その隣には美しい顔立ちだが無表情の男が立っていた。
今の雲雀より少しだけ年齢を重ねた彼自身だった。
「……美恵」

なぜ、こんな事になったのか?

雲雀は突然未来の世界に引きずり込まれた。
ディーノが言うには、またマフィア同士の戦いが始まるから、守護者として参戦しろというのだ。
それが雲の守護者の使命だと。
だが雲雀にとってはマフィアの抗争など興味はなかった。
雲雀にとって大切なのは並盛の風紀を――いや、彼女がすむ、この町を守ることだけ。


彼女とは天瀬美恵。雲雀にとって、たった一人の幼馴染。
いや、今では幼馴染だけではない。

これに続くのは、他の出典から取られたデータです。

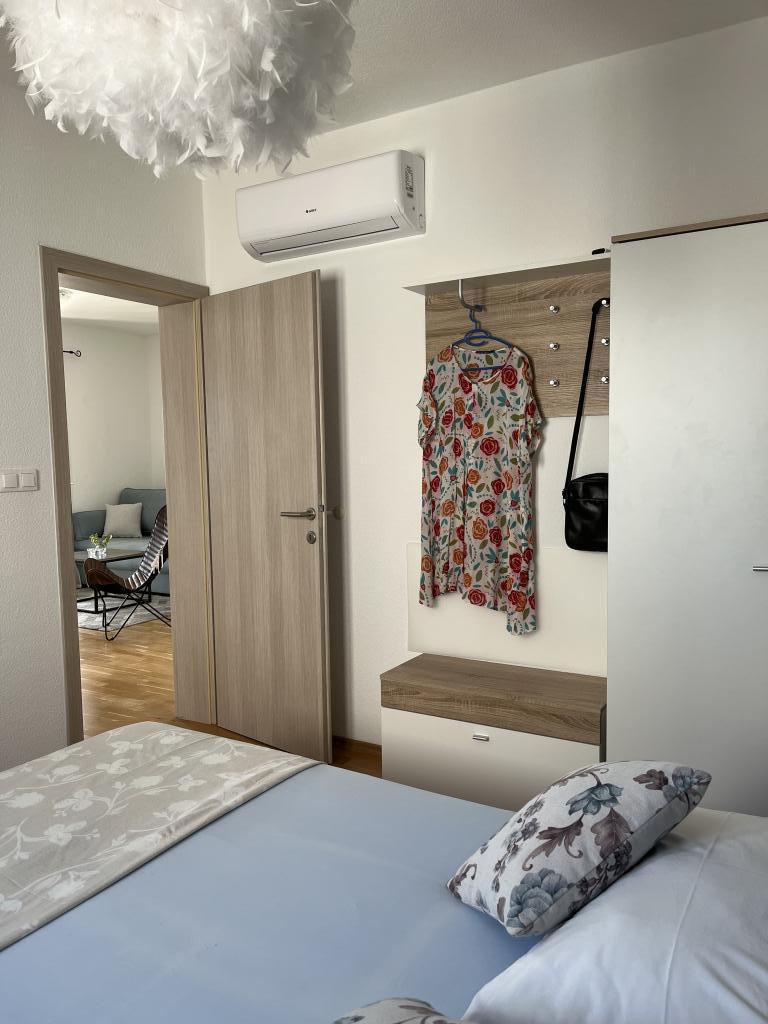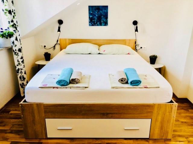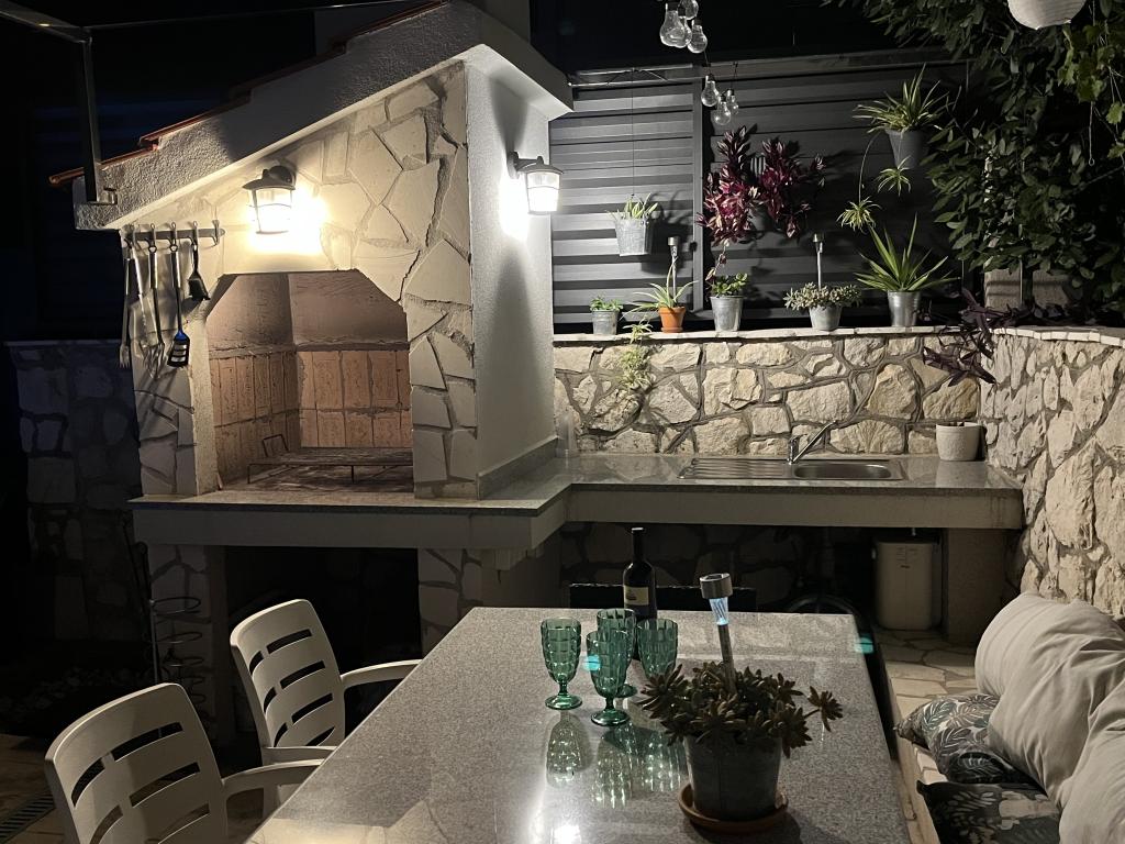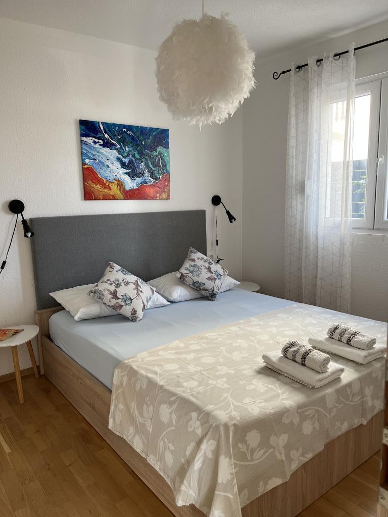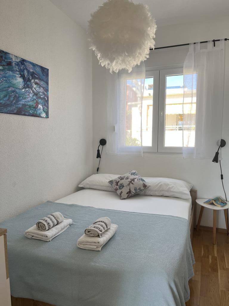 Wir haben die oberste Wohnung gemietet und könnten nicht zufriedener sein. Der Raum ist sauber und es gibt alles, was Sie brauchen. Die Aussicht von der Terrasse ist atemberaubend!!! Es gibt einen Esstisch und eine Lounge. Ein sehr bequemes Bett, eine Spülmaschine, eine schöne große Dusche und eine Waschmaschine machen Ihren Urlaub einfach. Der Pool macht es sehr angenehm, und in diesem Gartenbereich gibt es auch eine Dusche, damit Sie duschen können, bevor Sie in den Pool gehen. 60 Meter vom Haus entfernt erwartet Sie das Meer, herrlich!!! In der Nähe gibt es einen Minimarkt sowie mehrere Cafés und nette Restaurants. Machen Sie sich selbst den Gefallen und mieten Sie diesen wirklich schönen Ort für einen sehr, sehr schönen Urlaub. Darko und Niclas sind die besten Gastgeber, die man sich wünschen kann. Sie sind aufmerksam, freundlich und immer für Sie da, um Ihnen gute Tipps zu geben, was Sie in Kroatien tun und lassen sollten.

雲雀にとって唯一の愛情の対象。
彼女を守ること以外は、ただ趣味や気まぐれで戦うだけだ。
マフィアの抗争なんかに興味は無い。もちろん沢田綱吉のために戦う義理もない。
守護者などボンゴレが勝手に決めたことで、雲雀はそんなものどうでもよかった。
だが、どうでもいいと云えない事情が、ほんの数分前にディーノの口から語られたのだ。







「僕は僕が好きなときに戦うだけさ。ミルフィオーレなんて知らないよ」
「おい話は最後まで聞けよ恭弥、おまえが無視しても相手はそうじゃないんだ。
あいつらはそんな甘くない。ボンゴレファミリーと少しでもつながりがあった人間はボンゴレ狩りで殺された。
連れさらわれて行方不明になった人間もいる。恭弥、おまえの知り合いにも……」
そこまで聞いて雲雀の顔色が変わった。
「まさか……」
雲雀は全力疾走で走っていた。
そして彼女の家に辿り着いた時には、もう彼女の姿はどこにもなかったのだ。







「……恭弥、これでわかっただろう。おまえは戦うしかないんだ、同情するが、それが、おまえの運――」
雲雀の後に続き窓から入ってきたディーノの襟首を掴み上げた。
「……美恵は殺されたのか?」
「いや生きている。ただ……」
ディーノは黙り込んだ。どうやら雲雀には言えない事が起きたらしい。
「……何があった?美恵は、どこに連れて行かれた?」
「恭弥、落ち着いて聞いてくれ……彼女は」














「ひ、雲雀さんの恋人を白蘭が拉致した?」
入江から入手した雲雀関連の情報は深刻なものだった。
「ああ、そうなんだ。白蘭さんは、ボンゴレ狩りで君たちの関係者は、つかまえ次第、殺してきた。
でも、どういうわけか彼女のことは殺さずに、生け捕りにして自国に連れ帰ったんだよ」
「でも、どうして?まさか、彼女を人質にしてヒバリさんに何かしようなんて企んでいるんじゃ?」
「いや、それは無いと思うよ。白蘭さんは、僕がいうのも何だけど恐ろしいほど強いひとなんだ。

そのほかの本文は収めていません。